MUSE/RAVENS Pipeline

The MUSE/RAVENS pipeline performs the anatomical segmentation and parcellation. Following these steps will setup the MUSE/RAVENS processing pipeline using a singularity container.

Setup

Running the scripts inside the container requires Git and Singularity.
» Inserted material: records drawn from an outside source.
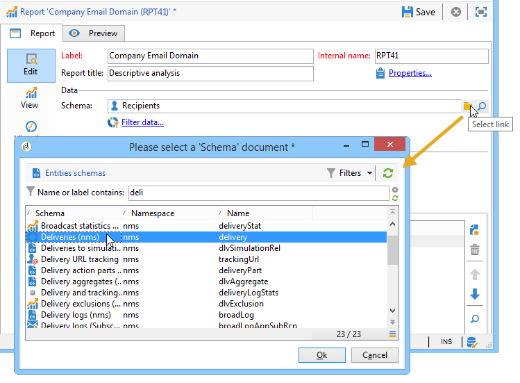 보고서의 스키마를 변경하려면 Select the link 데이터베이스에서 다른 테이블을 선택합니다.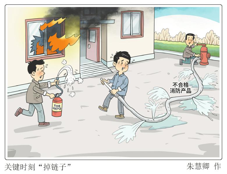 《中华人民共和国消防法》规定,禁止生产、销售或者使用不合格的消防产品以及国家明令淘汰的消防产品,且违反者将依法受到从重处罚。但从已有的一些报道来看,对末端经销商的罚款金额只有几千元,这样低廉的违法成本完全可能让不法之徒冒险牟利。消防产品质量事关群众生命财产安全,在加强源头管控的同时,还需进一步提高对末端治理的重视程度。相关部门需要进一步加大排查力度和惩罚力度,让厂家不敢生产、让商家不能销售。只有彻底铲除不合格消防器材的买卖,才能让消防产品真正成为“救命器材”,而非“致命杀手”。 张立峰/文 朱慧卿/图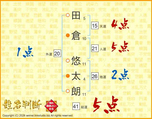 田(5画)倉(10画) 悠(11画)太(4画)朗(11画)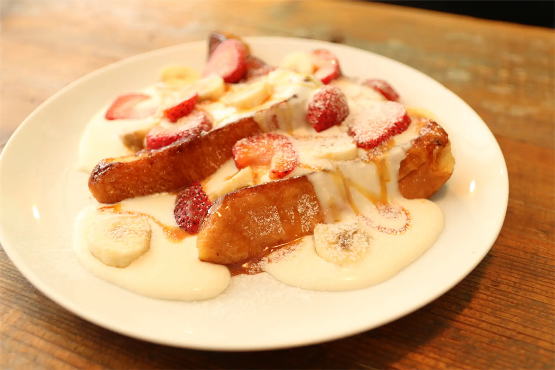 ふわふわなフレンチトーストに大人気のミルキーソースをかけ、さらにイチゴとバナナをトッピングした、まさに夢のフレンチトーストです。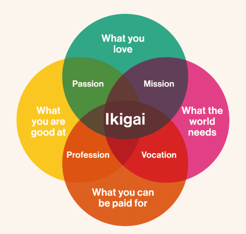 Although I’m no Shakespeare, the fact that you’re sitting reading my waffle means you mustn’t think I’m that appalling either. (Please just lie to yourself if you do, for my sake, emotions are fragile flower petals after all). I’m not much of a singer, or actor, or……there are too many vocations to list to be honest. But then again, that’s fine because as great as these careers are, I’m not intrinsically drawn to pursue them. There’s a fantastic Japanese concept called ‘ikigai‘ (ee-key-guy). ‘iki’ = life, ‘gai’ = worth. And the concept refers to something which gives a person a sense of purpose. Please see the figure below: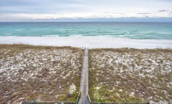 Stunning, and spacious 2 bedroom, 2 bath gulf front beach condo. Escape to the hypnotic lure of beach life in a quality furnished and well-appointed tropical get-away with the comforts of home. Expansive glass doors and balconies overlook the renowned north Florida ‘sugar white’ sands and emerald Gulf waters. Inspiring uncrowded panoramic views of ever-changing nature and beach life. Beachside outdoor pool. King bed in master with ensuite bathroom. Two twin beds in second bedroom with ensuite bathroom. Kitchen is well equipped and open to both dining and living room. Attractive tile throughout. Large washer and dryer in unit. Cable HDTV, Blu-ray DVD streaming in living room. HDTV in master. Free Wi-Fi. Elevator. Pool with lounges, tables, bathrooms, outdoor shower.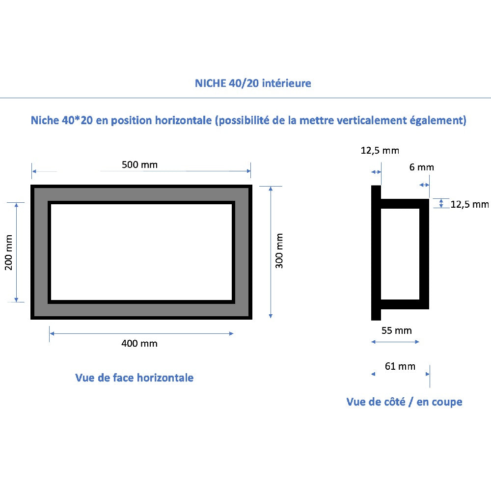Niche à carreler étanche pour douche - Format intérieur 40 x 20 cm - 5,5 cm de profondeur.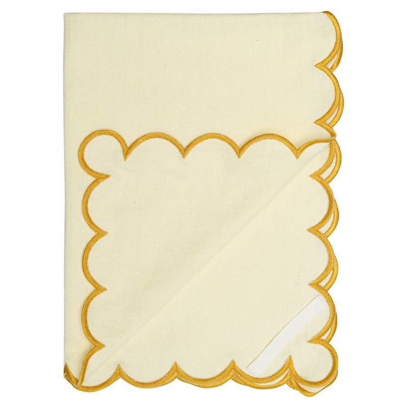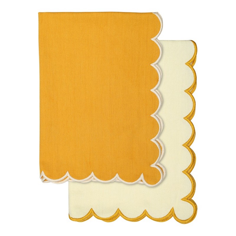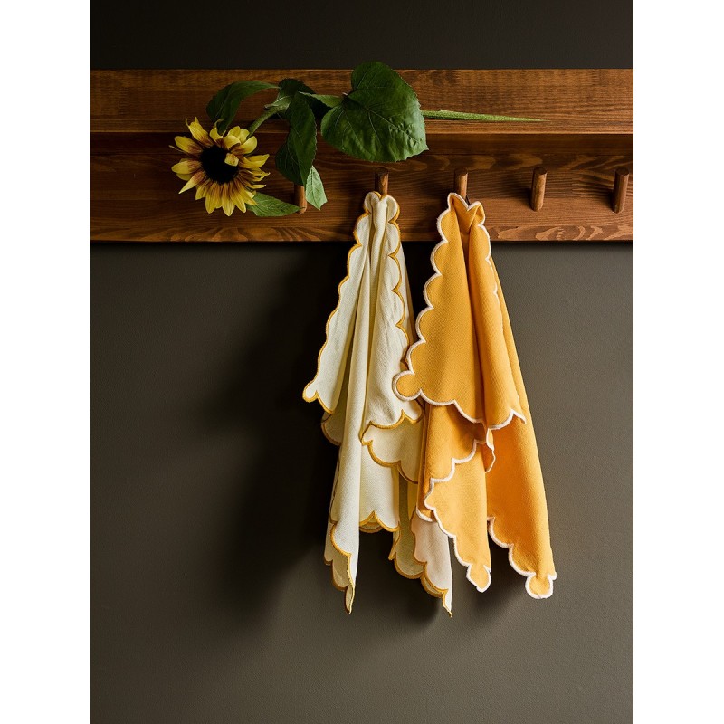 Набор кухонных полотенец с контрастным кантом горчичного цвета из коллекции Trendy Ruffles идеально подойдет для повседневных задач и в качестве стильного акцента. Текстиль с волнистой отделкой, напоминающей изящные раковины морских гребешков, стал ярким элементом стиля Ар Деко – и сейчас возвращается в моду, появляясь в самых актуальных интерьерных решениях.Особенности и преимущества:- Прочный и долговечный 100% хлопок хорошо впитывает влагу, быстро сохнет, не оставляет ворсинок на посуде и других поверхностях. - Полотенца имеют трендовый дизайн, что позволяет использовать их в качестве стильного акцента. - Текстильные изделия легко переносят стирку в стиральной машине, сохраняя привлекательный вид. - Данная линейка представлена в разных цветовых решениях, что позволяет выбрать наиболее подходящий вариант, в зависимости от оформления интерьера и личных предпочтений.Материал: 100% хлопок. Размеры: 50х70 см.! Деликатная стирка при температуре 30° C ! Гладить при максимальной температуре 110° C ! Возможна барабанная сушка при низкой температуре ! Не отбеливать ! Сухая чистка запрещена
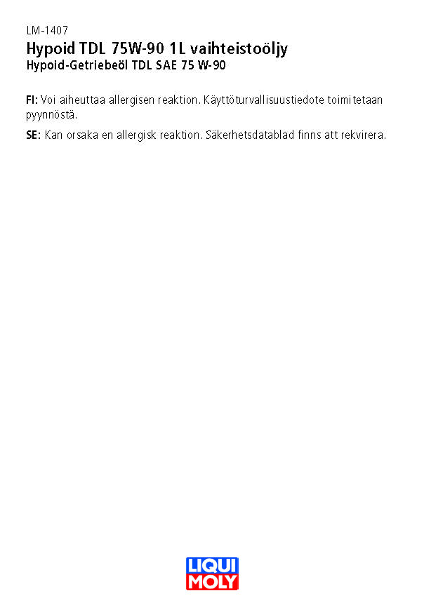 Hypoid TDL 75W-90 1L vaihteistoöljy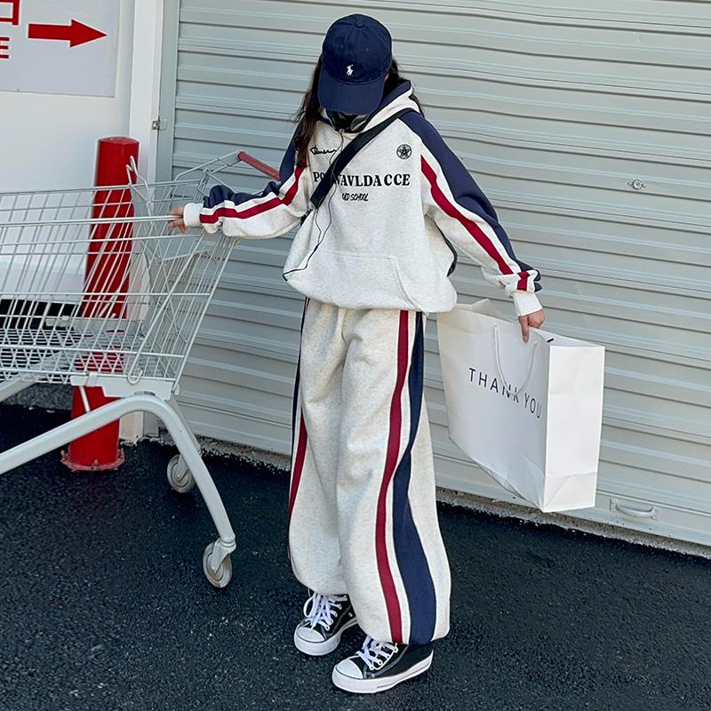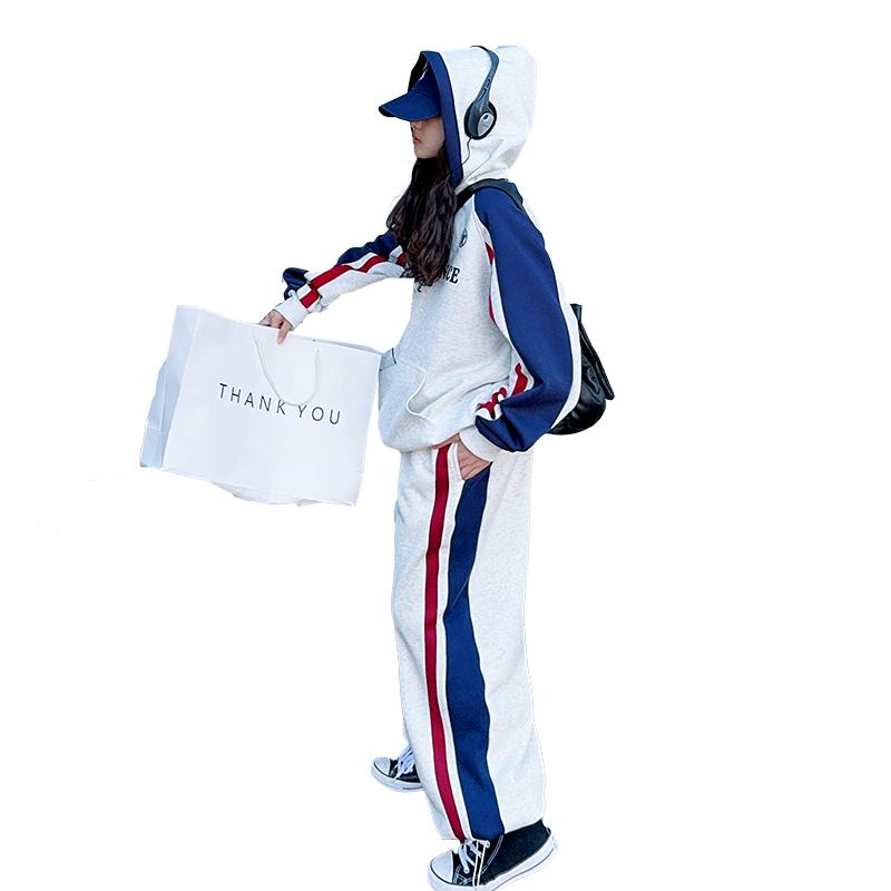 女童秋冬装套装2024休闲百搭新款网红洋气运动中大童加绒两件套潮

Follow directions of the respective tools to install Singularity (https://sylabs.io/guides/3.8/admin-guide/installation.html) and Git (https://github.com/git-guides/install-git).

Make sure that the commands singularity and git are available in the terminal, for instance by adding them to the $PATH environment variable.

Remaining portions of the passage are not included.